- Title card in 2019
- Also known as: Mars Pa More
- Genre: Talk show
- Written by: Stann Go; Haydee Bellen; Irish Mangubat; Dexter Mantes; Faith Monreal;
- Directed by: Rommel Gacho
- Presented by: Camille Prats; Suzi Entrata; Iya Villania; Kim Atienza;
- Country of origin: Philippines
- Original language: Tagalog

Production
- Production locations: Studio 1, GMA Network Center, Quezon City, Philippines
- Camera setup: Multiple-camera setup
- Running time: 20–27 minutes
- Production company: GMA Entertainment Group

Original release
- Network: GMA News TV (June 11, 2012 – May 31, 2019); GMA Network (July 8, 2019 – July 1, 2022);
- Release: June 11, 2012 – July 1, 2022

= Mars (talk show) =

Philippine television talk show

Mars Pa More, formerly Mars is a Philippine television talk show broadcast by GMA News TV and GMA Network.
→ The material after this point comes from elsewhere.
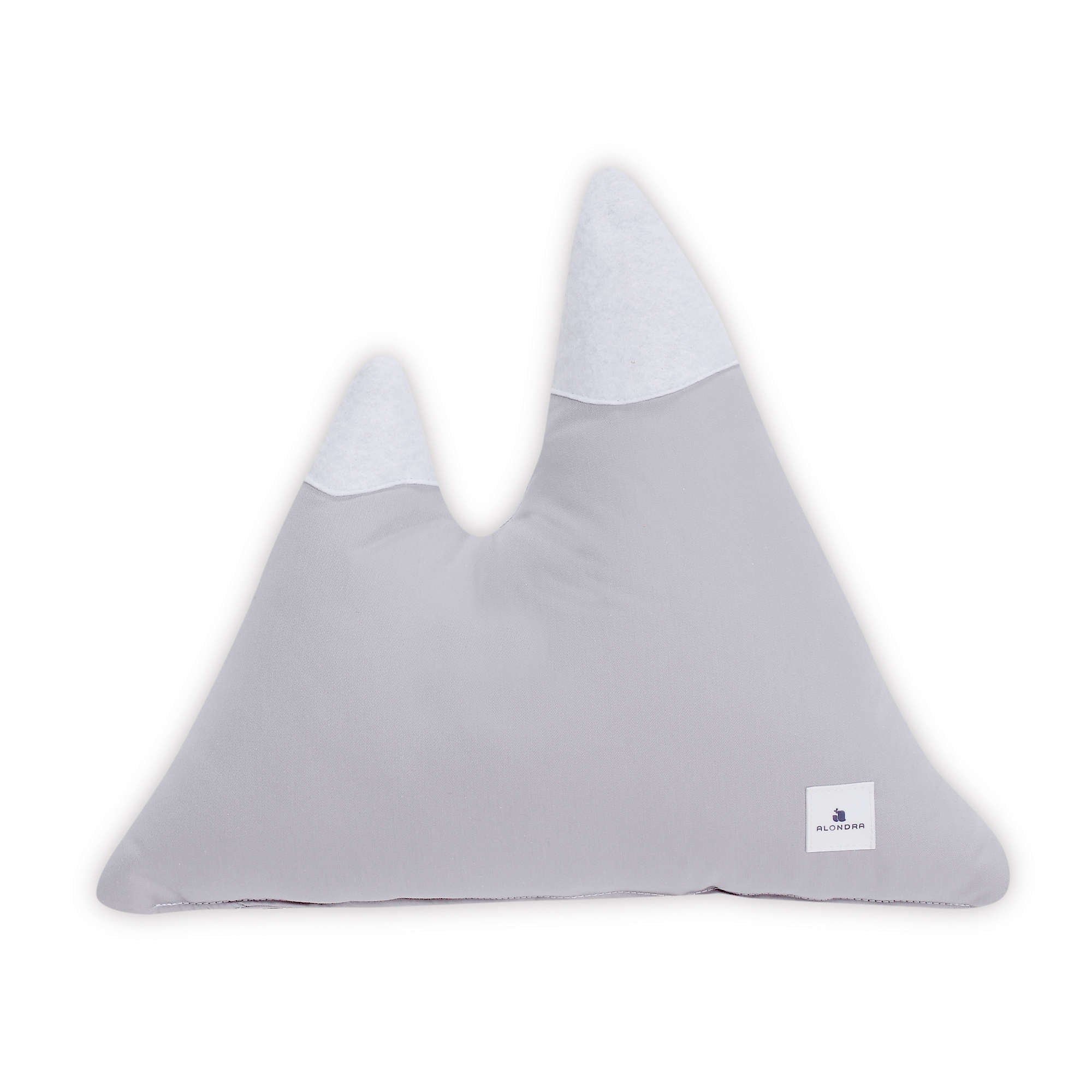 Cojín infantil lavable con forma de montaña, color gris (colección 055 Mint), fabricado en 100% algodón para aportar la máxima suavidad a tu bebé. Puedes completarlo con el resto de accesorios textiles decorativos y textil de cuna de la misma colección, en tonos gris y verde menta. ¡Una colección especialmente para aportar frescura a la habitación del bebé!

Originally hosted by Camille Prats and Suzi Entrata, it premiered on GMA News TV on June 11, 2012 on the network's evening line up as Mars. The show aired its final episode on GMA News TV on May 31, 2019. It moved to GMA Network on July 8, 2019 on the network's morning line up as Mars Pa More. The show concluded on July 1, 2022. Prats, Iya Villania and Kim Atienza served as the final hosts.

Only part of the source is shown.